Goal of the exercise>
Omit all images, then repeat exactly the lines below from the one containing "[PC/PSN/XBOX] 41 skins" through the one containing "2月8日,欢先生在深圳龙华区", both ends included.
*** Opening Information ***
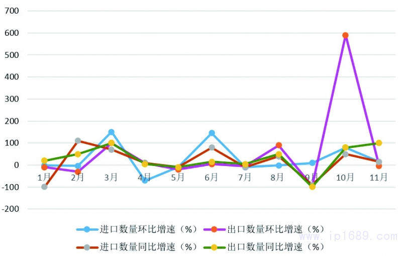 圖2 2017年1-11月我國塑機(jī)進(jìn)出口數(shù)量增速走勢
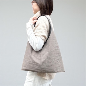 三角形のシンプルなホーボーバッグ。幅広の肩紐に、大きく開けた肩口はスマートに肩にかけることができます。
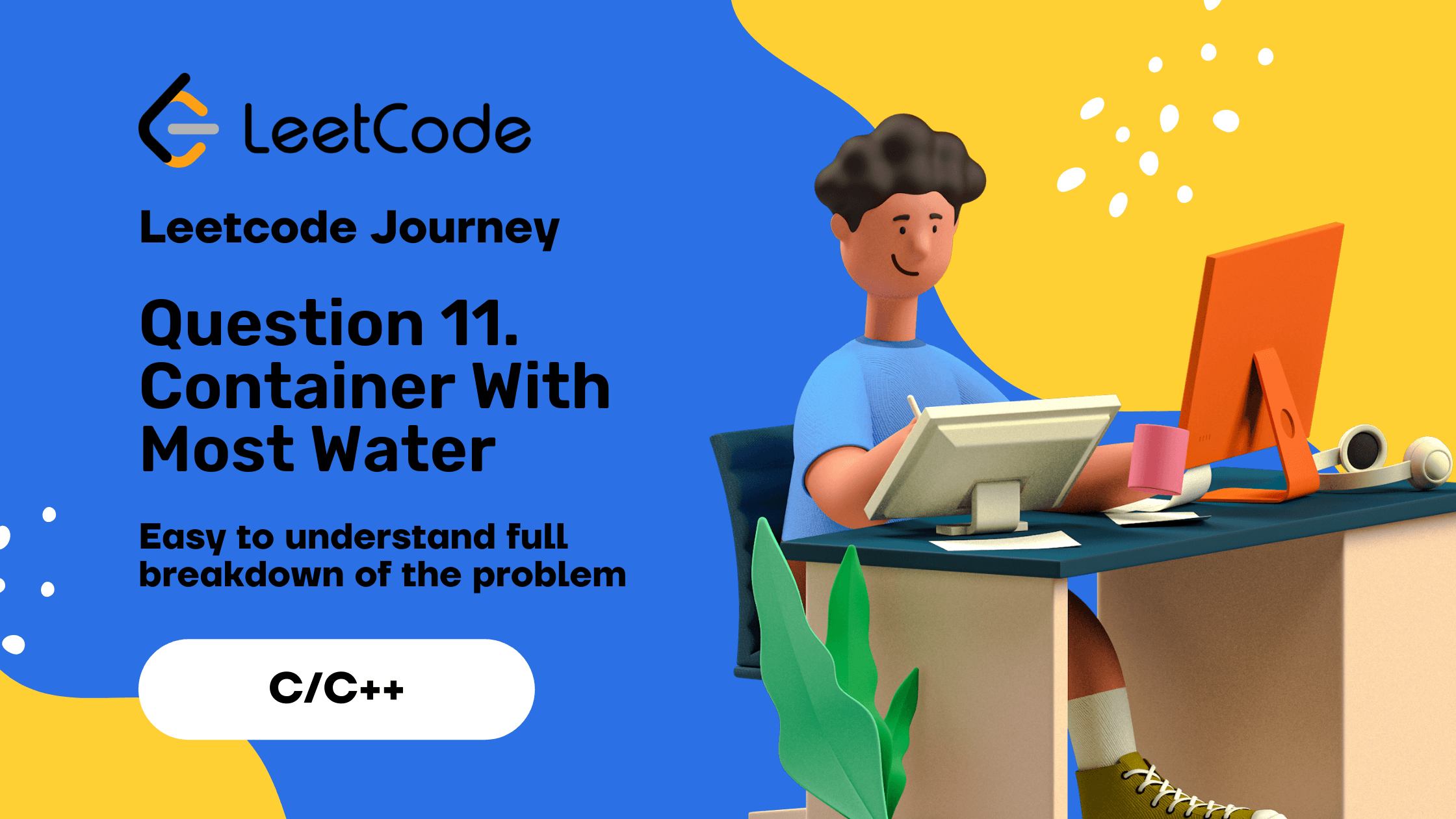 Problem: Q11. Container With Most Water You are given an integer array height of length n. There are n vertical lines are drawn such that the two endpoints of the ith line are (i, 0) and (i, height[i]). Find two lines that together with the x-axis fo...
*** Closing Information ***
*** Opening Information ***
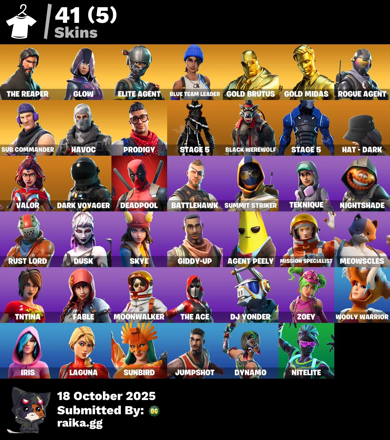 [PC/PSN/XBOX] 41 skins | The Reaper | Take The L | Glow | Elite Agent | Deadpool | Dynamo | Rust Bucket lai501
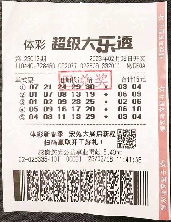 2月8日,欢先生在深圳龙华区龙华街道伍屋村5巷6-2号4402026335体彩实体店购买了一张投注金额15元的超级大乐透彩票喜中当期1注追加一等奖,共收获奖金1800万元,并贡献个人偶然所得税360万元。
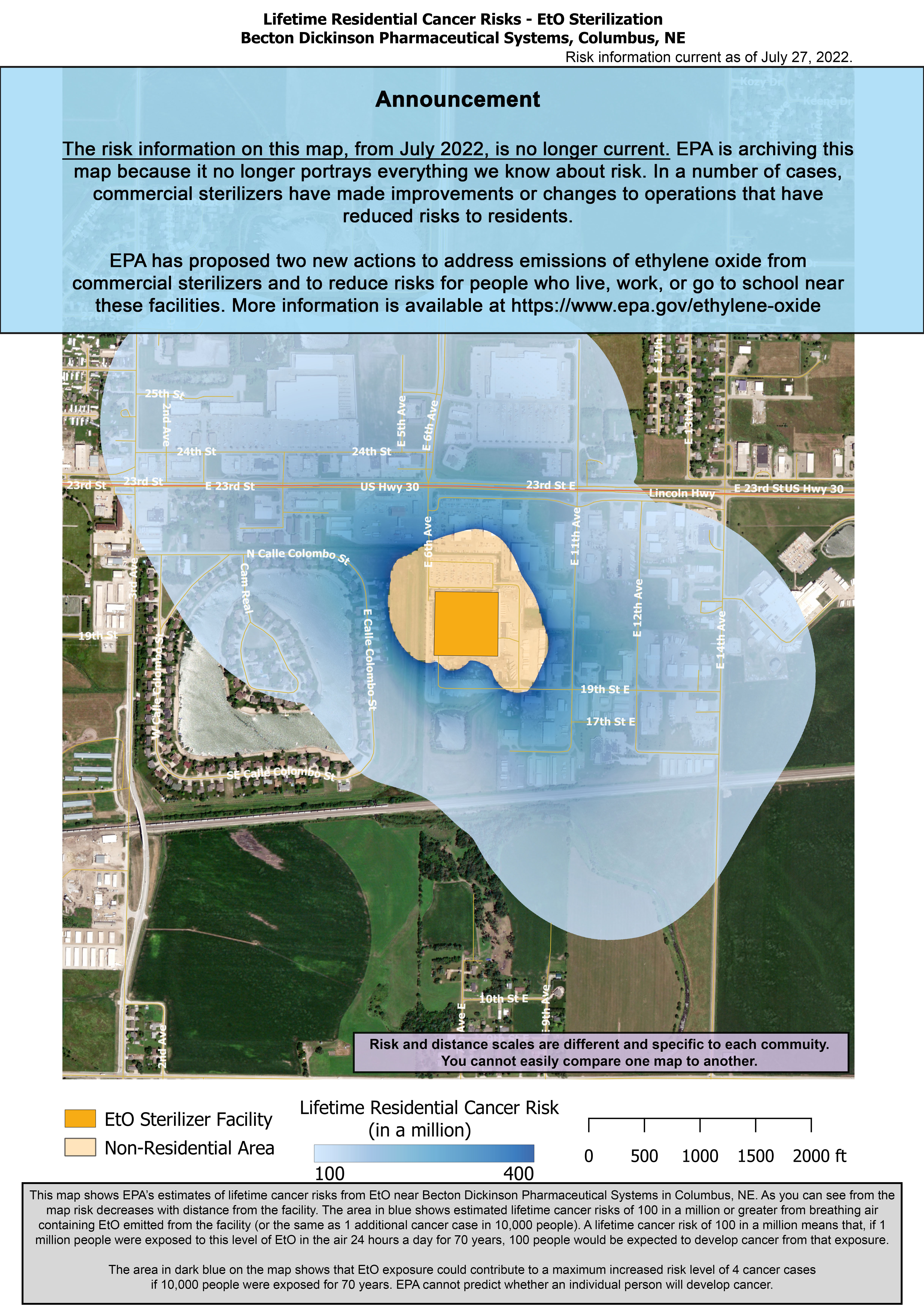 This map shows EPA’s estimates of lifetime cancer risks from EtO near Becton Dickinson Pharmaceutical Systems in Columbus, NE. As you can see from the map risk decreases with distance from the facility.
*** Closing Information ***
*** Opening Information ***
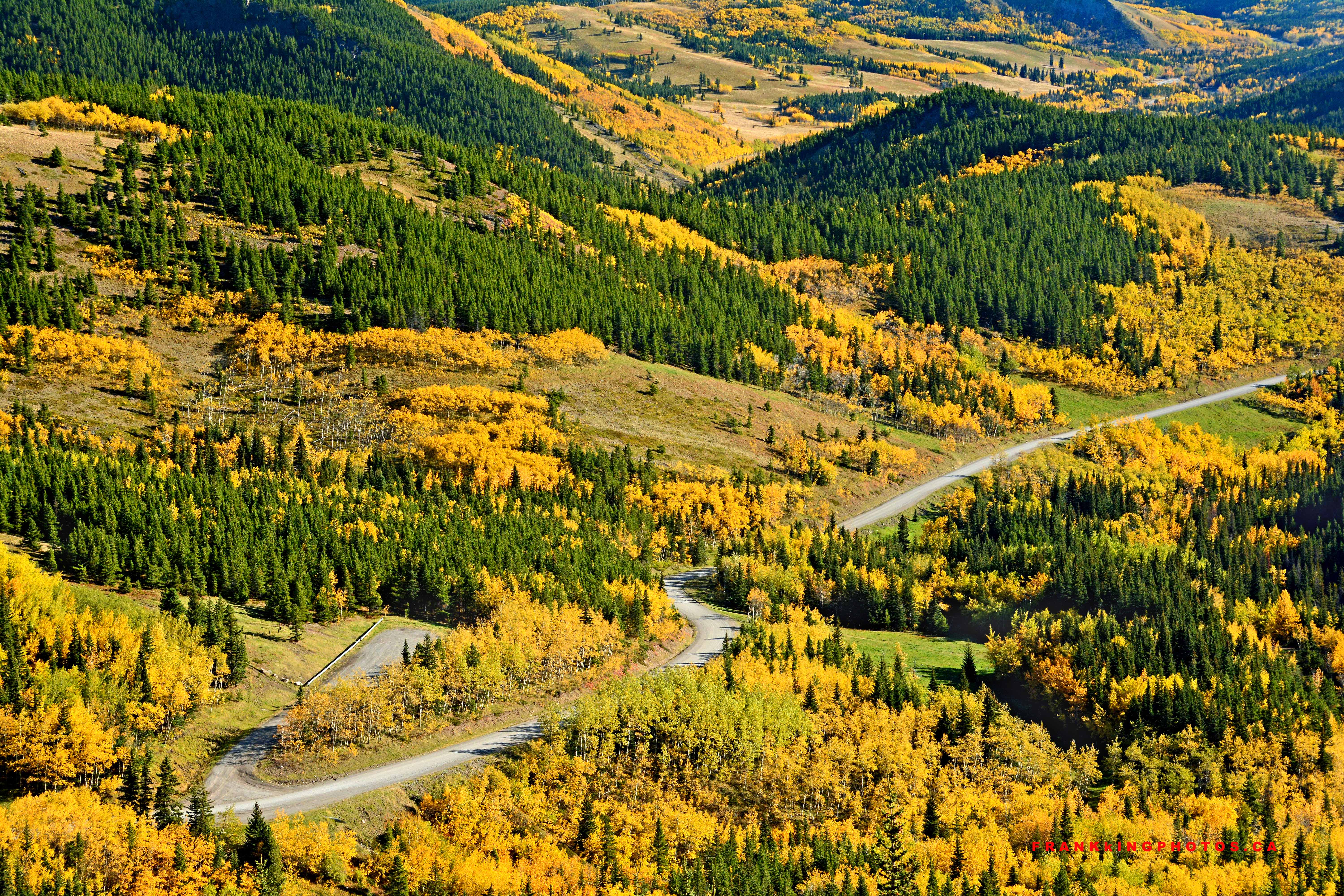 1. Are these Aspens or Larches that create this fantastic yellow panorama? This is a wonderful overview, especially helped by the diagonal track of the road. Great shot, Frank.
*** Closing Information ***
Written solution>
 [PC/PSN/XBOX] 41 skins | The Reaper | Take The L | Glow | Elite Agent | Deadpool | Dynamo | Rust Bucket lai501
 2月8日,欢先生在深圳龙华区龙华街道伍屋村5巷6-2号4402026335体彩实体店购买了一张投注金额15元的超级大乐透彩票喜中当期1注追加一等奖,共收获奖金1800万元,并贡献个人偶然所得税360万元。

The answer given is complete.